© JUNGE FREIHEIT Verlag GmbH & Co. KG www.jungefreiheit.de 04/20 / 17. Januar 2020

Umwelt
Pariser Blob
Paul Leonhard

Wer in Paris weilt, sollte den Zoo besuchen. Dort ist gleich neben dem Schildkrötengehege der Blob zu sehen. Die neue Attraktion, die einem Kohlblatt ähnelt, ist nach einem außerirdischen Schleim aus einem US-Horrorfilm benannt, der alles auffrißt, was ihm in die Quere kommt. Das Pariser Wesen ist wählerischer. Es kann sich an seine Umgebung anpassen und weiß, bei welchen Materialien es sich lohnt, diese zu besetzen. Schließlich lebt es seit mindestens 500 Millionen Jahren auf der Erde. Der Blob hat kein Gehirn, kann aber interagieren und sogar aus einem Labyrinth herausfinden, wie japanische Forscher nachgewiesen haben. Es hat keinen Magen und kann trotzdem verdauen. „Dieses Lebewesen gehört zu den Mysterien der Natur“, sagt Bruno David, als Direktor des Pariser Naturkundemuseums auch für den Zoo zuständig. Der gelbe, schleimige Einzeller ist weder Tier noch Pflanze, dürfte aber Liebling der Queer-Bewegung werden. Schließlich ist er äußerst kreativ.

Über den Einzeller, der sich bewegen kann, staunen Zoobesucher wie Wissenschaftler.

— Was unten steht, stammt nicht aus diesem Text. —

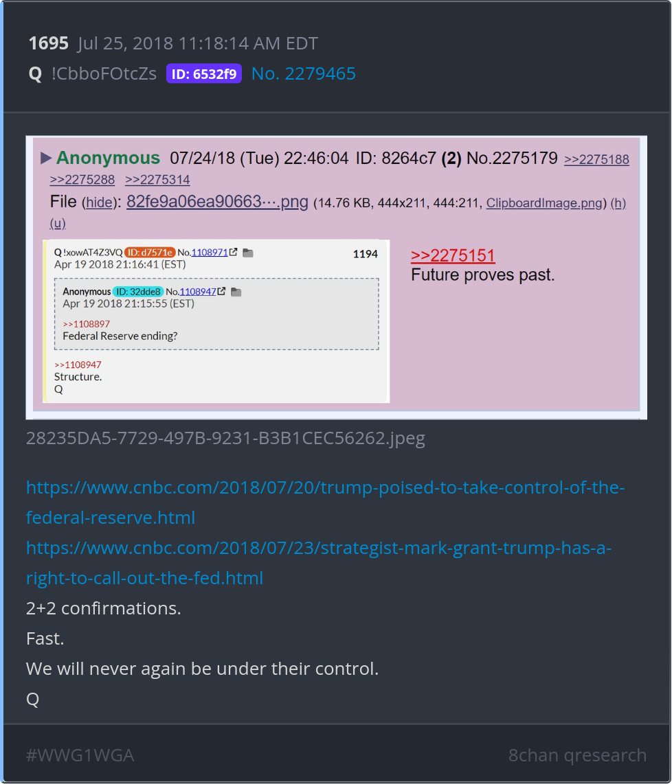 2+2 confirmations. Fast. We will never again be under their control. https://www.cnbc.com/2018/07/20/trump-poised-to-take-control-of-the-federal-reserve.html https://www.cnbc.com/2018/07/23/strategist-mark-grant-trump-has-a-right-to-call-out-the-fed.html Posted 07/24/2025 08:53 PM Categories Clips, Q

Es gibt 720 Paarungstypen. Viele sind Zwischenformen von männlich oder weiblich. Überdies kann sich der Blob pro Stunde vier Zentimeter fortbewegen – und er hat bereits einen Fluchtversuch gestartet. Nachdem er Schimmel und Proteine in den ihm vorgesetzten Haferflocken und Pilzen verdaut hatte, verließ der hungrige Blob die Petrischale, um nach Eßbarem zu suchen. Das Wesen, das in der Natur auf altem feuchten Holz lebt, bildet ein mehr als einen Quadratmeter großes schleimiges Geflecht. Hat es Nahrung gefunden, bildet es sich wieder zurück. Über den Einzeller staunen Zoobesucher wie Wissenschaftler. „Es sieht aus wie ein Pilz, aber handelt wie ein Tier“, sagt David. Auch wenn der Blob ein Schleimpilz der Gattung Physarum polycephalum ist, hat der Zoo drei Gärtner mit seiner Pflege beauftragt – doch eine Pflanze ist es nicht.